EXTRACTED INFORMATION:
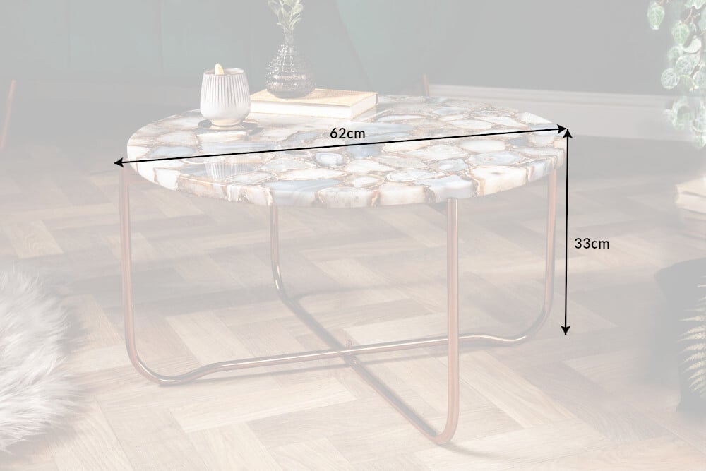 Ronde salontafel NOBLE 65cm edelsteen agaat afneembaar tafelblad gouden metalen frame – 40364
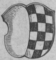 DE: Gespalten: vorne Blau, hinten geschacht von Rot und Silber.
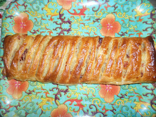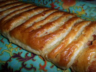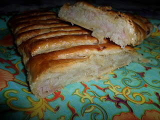 A questo punto prendere la sfoglia stenderla e tagliarla a strisce, aggiungere il composto sopra, e chiuderla a mo di sacchetto , girarla e metterla in un stampo coperto di carta da forno, mi raccomando con il forno caldo a 180° per una ventina di minuti, poi dipende dal vostro forno.
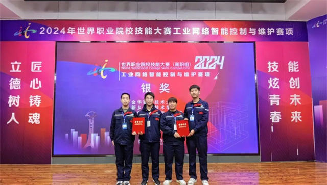 由智能制造学院尹静文、郑小慧教练团队指导的窦伟堂、郭鹏、原嘉伟、刘法照团队获工业网络智能控制与维护组赛项银奖。
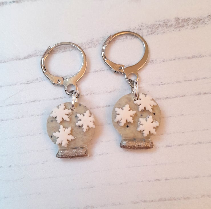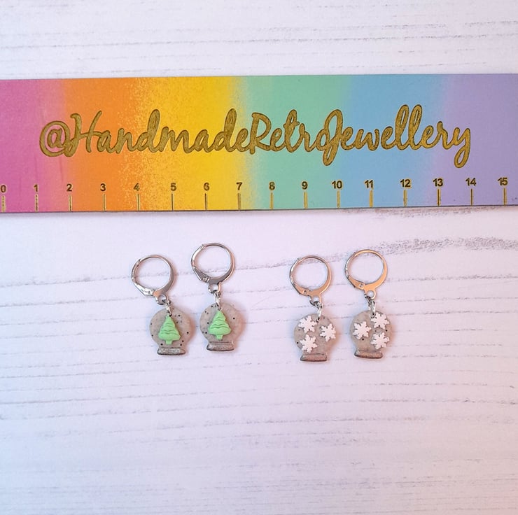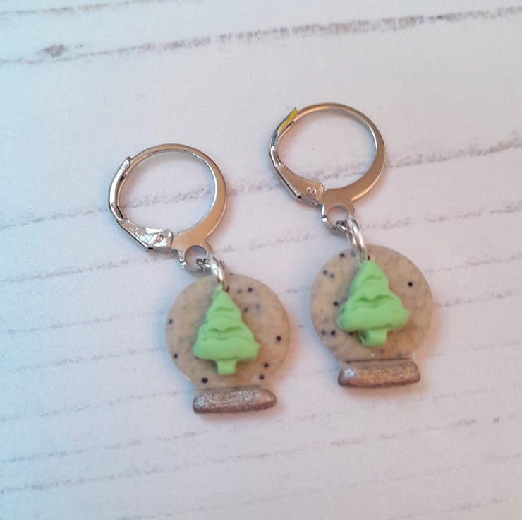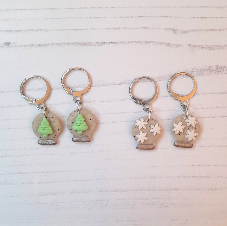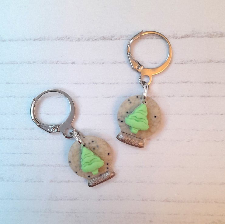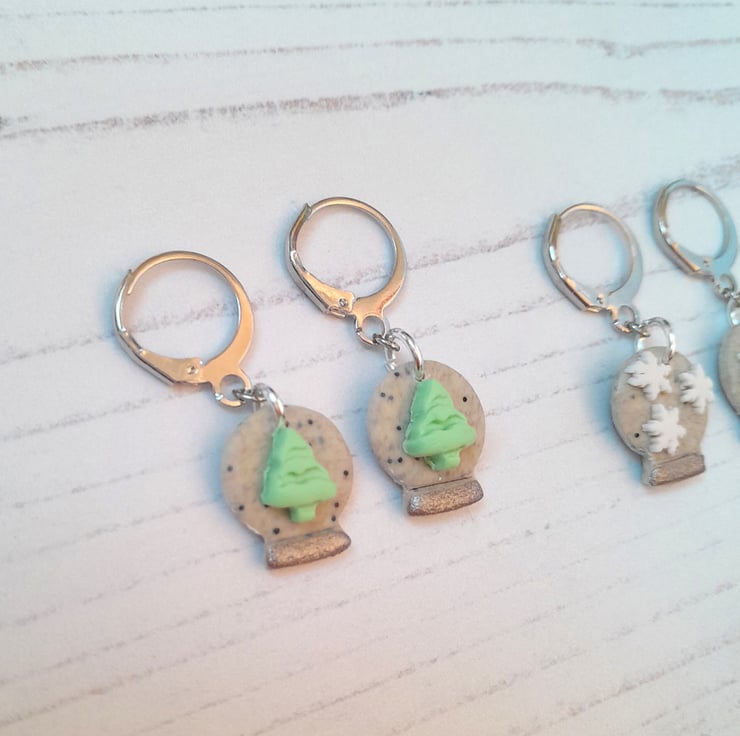 Cute little snow globe earrings, with your choice of snowflakes or a Christmas tree in the centre.
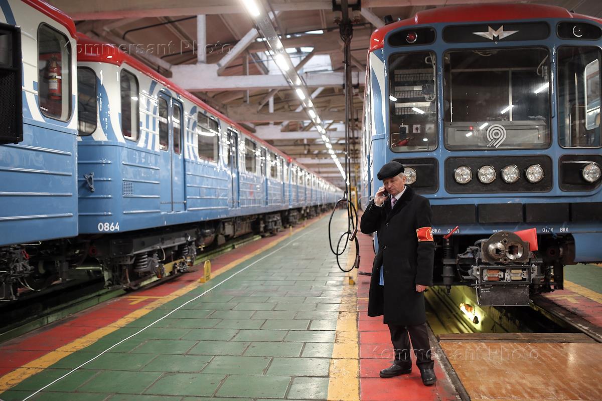 Церемония запуска именного поезда "Читающая Москва" на Калужско-Рижской линии московского метрополитена. Поезда в депо.
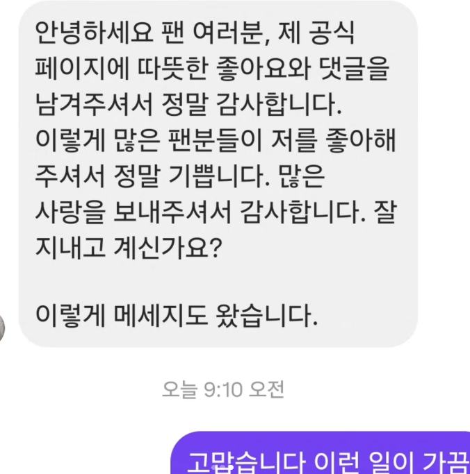 팬에게 제보받은 메시지도 공개했다. 사칭계정은 한 팬에게 "제 공식 페이지에 따뜻한 좋아요와 댓글을 남겨주셔서 정말 감사합니다. 이렇게 많은 팬분들이 저를 좋아해 주셔서 정말 기쁩니다. 많은 사랑을 보내주셔서 감사합니다. 잘 지내고 계신가요?"라는 메시지를 보내왔다고. 이러한 제보에 정은표는 "고맙습니다"라고 답했다.
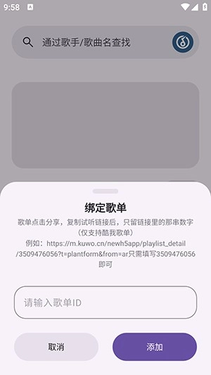 软件仅支持酷我音乐歌单导入。

INSTRUCTIONS TO FOLLOW: Skip all pictures. Then give again, exactly, each line from the line holding "由智能制造学院尹静文、郑小慧" through the last line of the listing above, both ends included.

EXERCISE SOLUTION:
 由智能制造学院尹静文、郑小慧教练团队指导的窦伟堂、郭鹏、原嘉伟、刘法照团队获工业网络智能控制与维护组赛项银奖。
 Cute little snow globe earrings, with your choice of snowflakes or a Christmas tree in the centre.
 Церемония запуска именного поезда "Читающая Москва" на Калужско-Рижской линии московского метрополитена. Поезда в депо.
 팬에게 제보받은 메시지도 공개했다. 사칭계정은 한 팬에게 "제 공식 페이지에 따뜻한 좋아요와 댓글을 남겨주셔서 정말 감사합니다. 이렇게 많은 팬분들이 저를 좋아해 주셔서 정말 기쁩니다. 많은 사랑을 보내주셔서 감사합니다. 잘 지내고 계신가요?"라는 메시지를 보내왔다고. 이러한 제보에 정은표는 "고맙습니다"라고 답했다.
 软件仅支持酷我音乐歌单导入。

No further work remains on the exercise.